START Records for processing

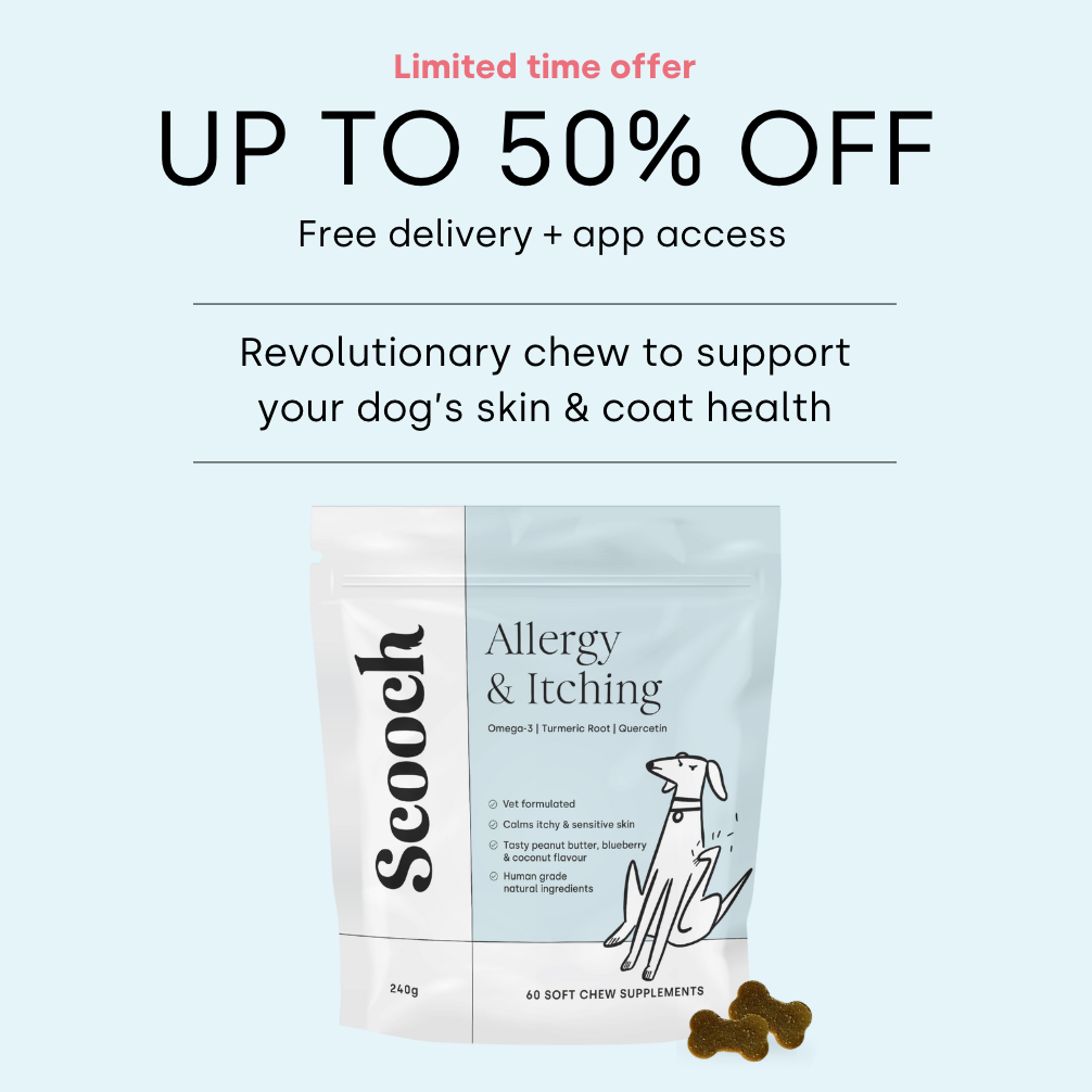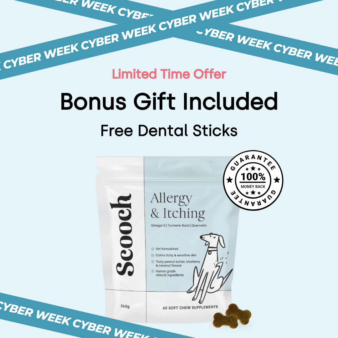 Scooch’s Allergy chews have been vet formulated to provide a clinically proven blend of  ingredients to help stop itching, ear shaking and paw chewing. The ingredients in these tasty daily chews are 100% natural, human grade, plant-based, hypoallergenic and low fat to provide the best quality for your dog.
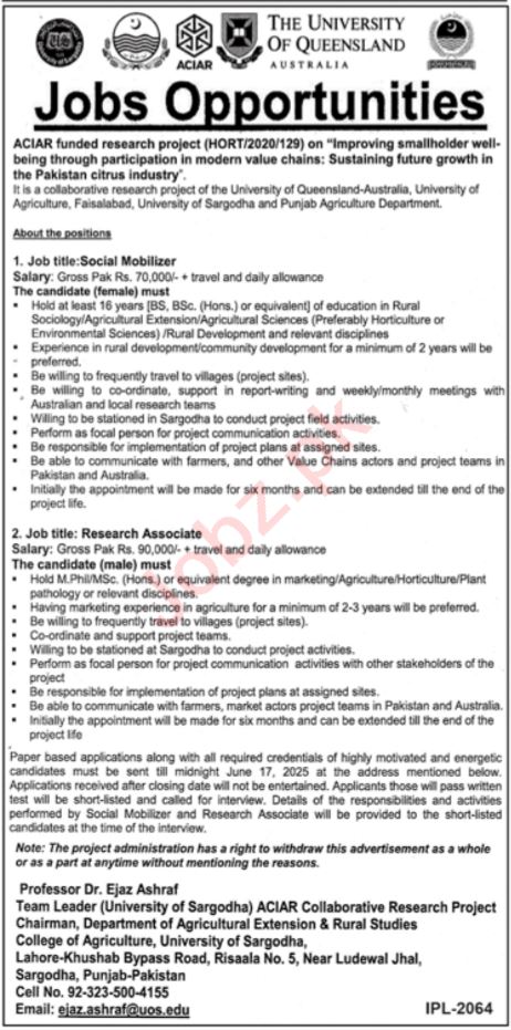University of Sargodha UOS Sargodha Bypass Sargodha, sargodha Punjab Pakistan invites applications from eligible candidates for the post of research associate and social mobilizer as per advertisement of May 25, 2025 published in daily Jang Newspaper. Bachelor and Master etc. educational qualification will be preferred.
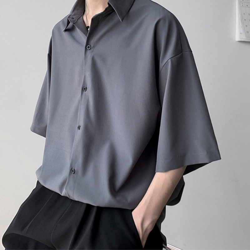Kemeja Pria Lengan Pendek oversize kemeja korean style Putih Polos Premium Distro Kasual Kerja Warna White Korea kemeja putih lengan pendek Atasan pria terbaru2023
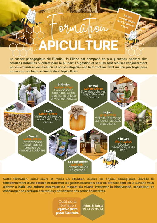 En partenariat avec des maraîchers, paysagistes et jardiniers spécialisés, dont le CAUE : journées de formation suivi d'un chantier participatif : concevoir une mare paysagée, fleurir des sous-bois, planter une bordures et une haie nourricière, concevoir et entretenir un jardin jungle, mais aussi des séances sur la gestion de l'eau, le paillage, la nature des sols, les associations au potager, les slow tech, la culture en buttes, la philosophie de vie
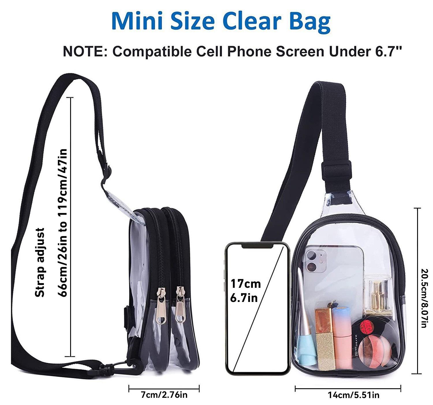 Disponible en Amazon, nuevo bolso de pecho transparente de PVC para hombres y mujeres, impermeable, para deportes al aire libre, mini bolso de viaje cruzado de hombro
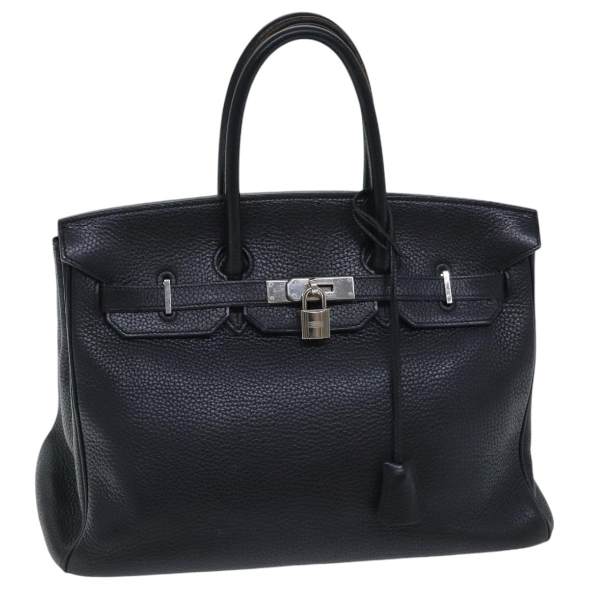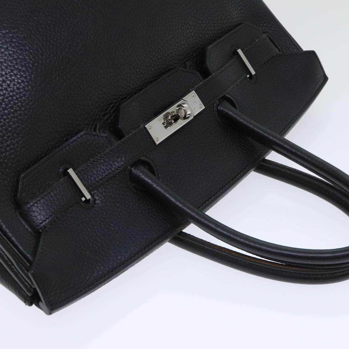 Hermes Birkin Handbag Black Clemence with Palladium Hardware
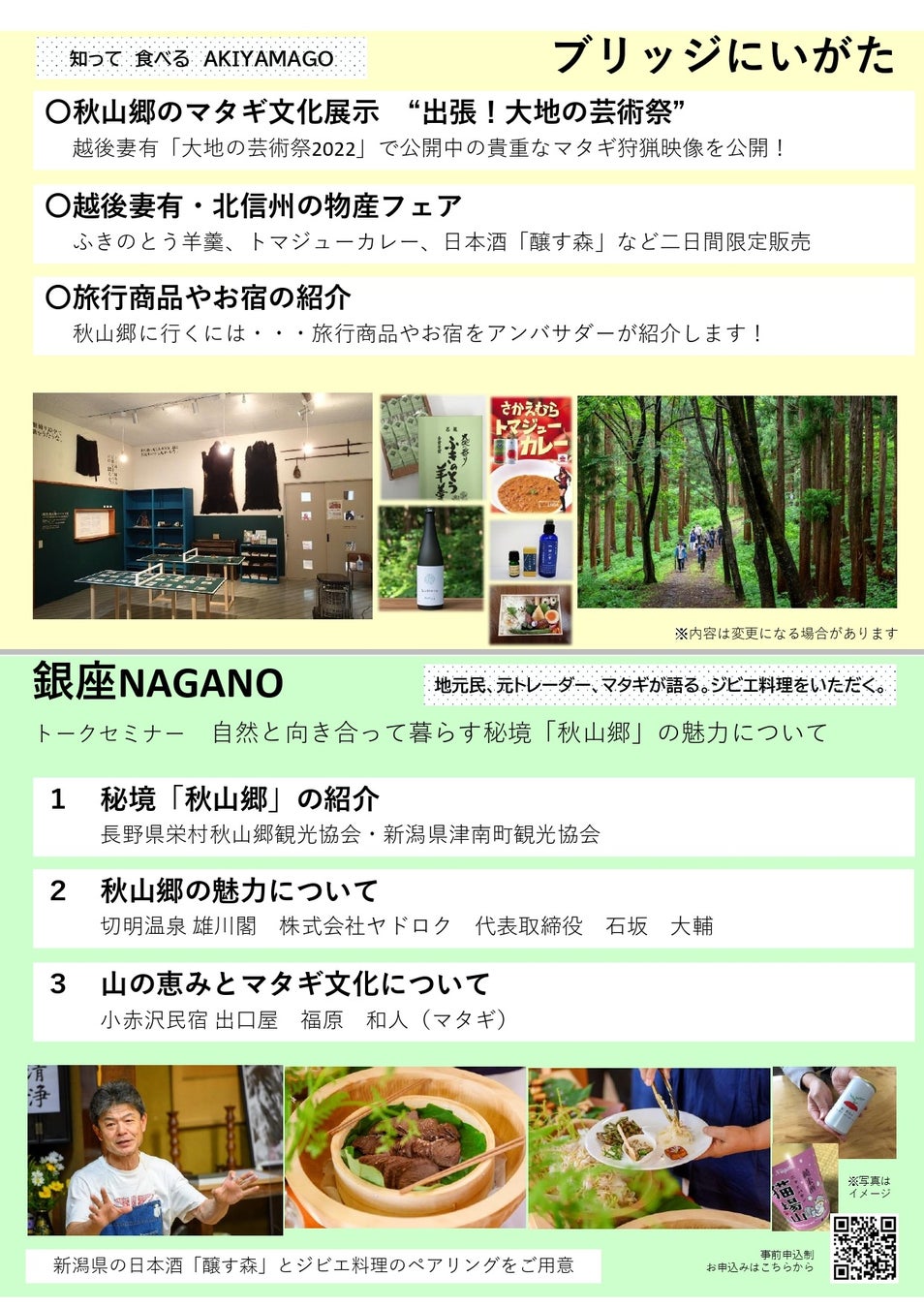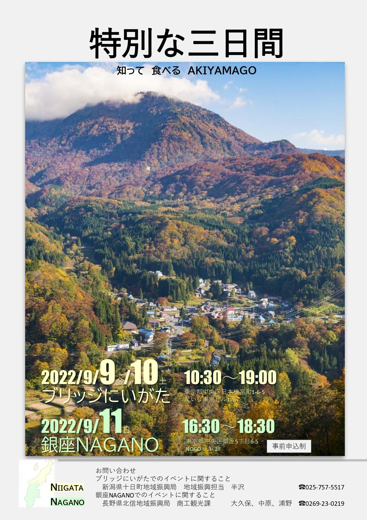県境の魅力発信!新潟県と長野県合同プロモーションイベント「特別な三日間~知って 食べる AKIYAMAGO~」を東京都で開催!9/9(金)~11(日)(新潟県)
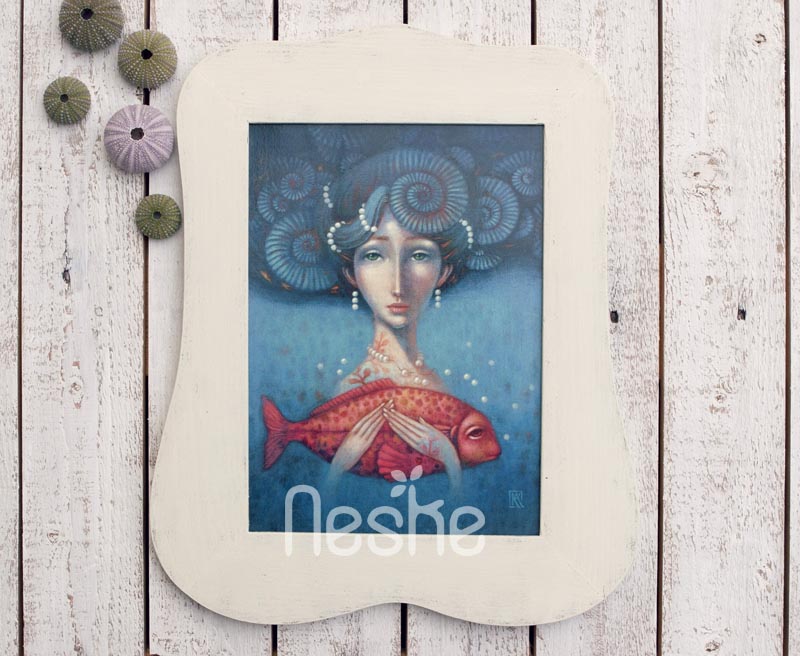 Ölelés című akrilfestményem alapján készült professzionális, szignált nyomat, antikolt festésű, fa keretben. A nyomatot karton lemezre kasíroztam, UV védő akril lakkal vontam be, hogy hosszútávon megőrizze élénk színeit.
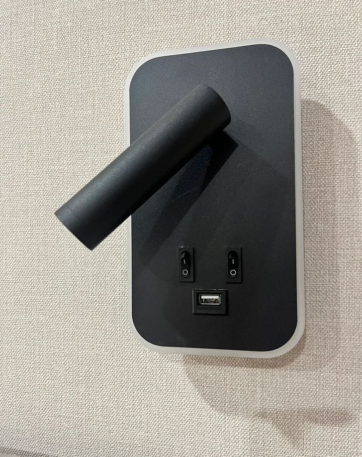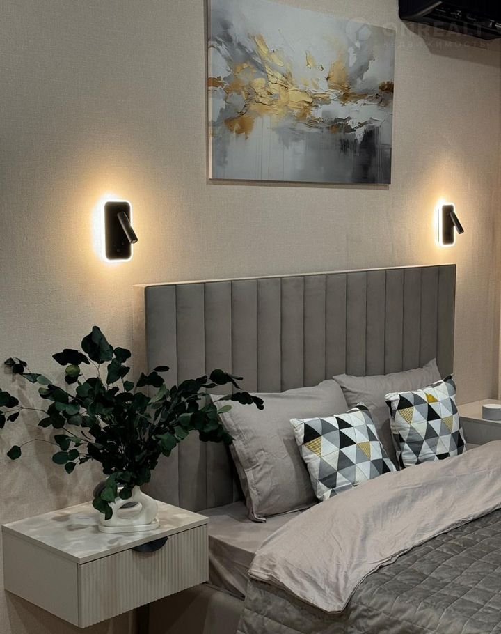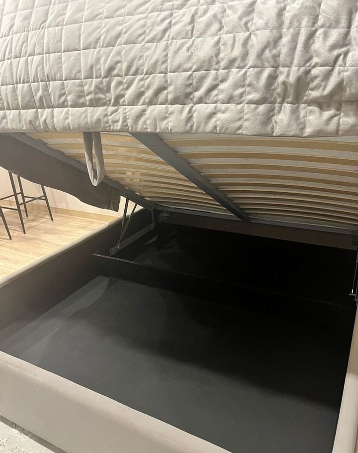 В комнате 21м2.  Кровать с высоким и мягким изголовьем и  подъемным механизмом ,ортопедический матрас.2 навесные тумбы. Светильники с розетками и двумя видами света . Телевизор , интернет . Тумба , так же с  дополнительной системой хранения.
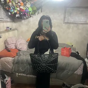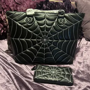 I finally bought it!! The Black/Black Spiderweb Tote from @Foxblood Shop purchased through @Die With Your Boots On on TikTok shop I am soooo obsessed can’t wait to use it Monday. The one linked is the black and white one  because TikTok shop wouldn’t let me link this one into my showcase #babeswhowearblack #smallbusiness #womenownedbusiness #salemmassachusetts #fyp
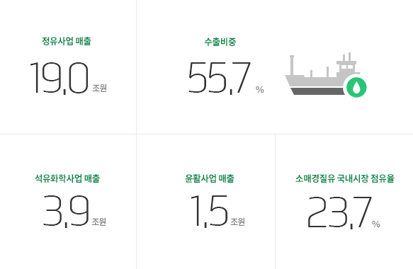 정유산업, 석유화학, 윤활 사업 순으로 매출액을 차지하고 있습니다.
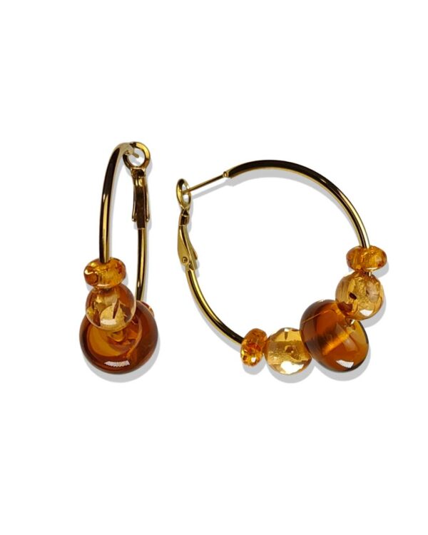 Reflejan la calidez del sol y la serenidad de la tierra. Estos pendientes de aro, elaborados en acero dorado de 40 mm, combinan cuentas de cristal y resina en tonos ámbar que evocan la luz de las tardes doradas. Cada detalle ha sido cuidadosamente seleccionado para transmitir una sensación de armonía y naturalidad, haciendo de estos pendientes un accesorio que no solo adorna, sino que también inspira.

END Records for processing

Among the entries above, find the line with "Kemeja Pria Lengan" and repeat exactly from there through the line with "В комнате 21м2", leaving out the pictures.

§ Answer space:
Kemeja Pria Lengan Pendek oversize kemeja korean style Putih Polos Premium Distro Kasual Kerja Warna White Korea kemeja putih lengan pendek Atasan pria terbaru2023
 En partenariat avec des maraîchers, paysagistes et jardiniers spécialisés, dont le CAUE : journées de formation suivi d'un chantier participatif : concevoir une mare paysagée, fleurir des sous-bois, planter une bordures et une haie nourricière, concevoir et entretenir un jardin jungle, mais aussi des séances sur la gestion de l'eau, le paillage, la nature des sols, les associations au potager, les slow tech, la culture en buttes, la philosophie de vie
 Disponible en Amazon, nuevo bolso de pecho transparente de PVC para hombres y mujeres, impermeable, para deportes al aire libre, mini bolso de viaje cruzado de hombro
 Hermes Birkin Handbag Black Clemence with Palladium Hardware
県境の魅力発信!新潟県と長野県合同プロモーションイベント「特別な三日間~知って 食べる AKIYAMAGO~」を東京都で開催!9/9(金)~11(日)(新潟県)
 Ölelés című akrilfestményem alapján készült professzionális, szignált nyomat, antikolt festésű, fa keretben. A nyomatot karton lemezre kasíroztam, UV védő akril lakkal vontam be, hogy hosszútávon megőrizze élénk színeit.
 В комнате 21м2.  Кровать с высоким и мягким изголовьем и  подъемным механизмом ,ортопедический матрас.2 навесные тумбы. Светильники с розетками и двумя видами света . Телевизор , интернет . Тумба , так же с  дополнительной системой хранения.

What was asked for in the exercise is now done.